Her path crossed this reporter’s at the National Assembly, where they both reported the activities of the Senate for their respective media organisations.

She was also a newscaster and would later become a media consultant. She plied the journalism trade for over two decades in full-time capacity in Nigeria and North America.

Osiagwu covered activities of the Nigeria High Commission in Ottawa Canada and the Nigeria Mission to the United Nations in New York for a decade, including the United Nations rotational presidency of the Security Council during the tenure of the former permanent representative of Nigeria to the UN Mission, Professor Joy Ogwu, in July 2010, October 2011 and August 2015 for the NTA.

Apart from covering the United Nations Global Compact for Safe, Orderly and Regular Migration in Marrakech, Morocco in 2018, Osiagwu covered the election process and emergence of the 74th president of the United Nations General Assembly, Professor Tijjani Bande, in June 2019 at the UN in New York.

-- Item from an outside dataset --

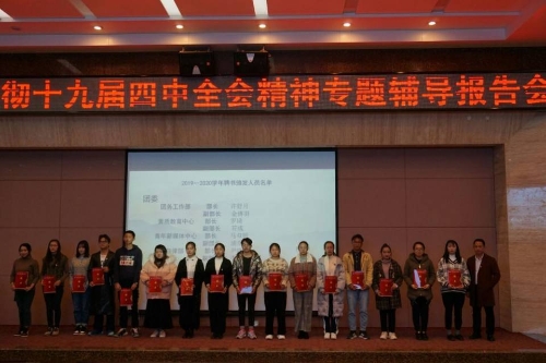 云中团讯【通讯稿 邵晓丹】2019年12月24日18:30,学习贯彻十九届四中全会精神专题辅导报告会在云南中医药大学翰墨楼一楼报告厅成功举办。出席人员有校团委副书记浦仕通老师,全体校团委、校学生会学生干部。

Osiagwu obtained a masters in business administration and media leadership from the University of Cumbria in the United Kingdom. She also had a post-graduate diploma in broadcast performing arts from the Columbia Academy, Vancouver, British Columbia, Canada. She obtained a bachelor of arts degree in drama, majoring in theatre for development (TFD) at Ahmadu Bello University, Zaria.

Osiagwu was a member of IFLAS (the Institute for Leadership and Sustainability Cumbria Business School).

She worked at the NTA for 23 years and retired voluntarily in September 2019.

Publisher and Editor-in-Chief of THE CONCLAVE, Mr Sufuyan Ojeifo described Joy Osiagwu as a brilliant journalist who distinguished herself in the practice as a media professional.

He said the last time he saw Mrs Osiagwu was in June 2013 in Washington DC when she travelled down from Canada to cover an assignment involving the then Director General of NAFDAC, Dr Paul Botwev Orhii.

He said she would be sorely missed even as he prayed that the Almighty God would grant her soul eternal repose in His Bosom.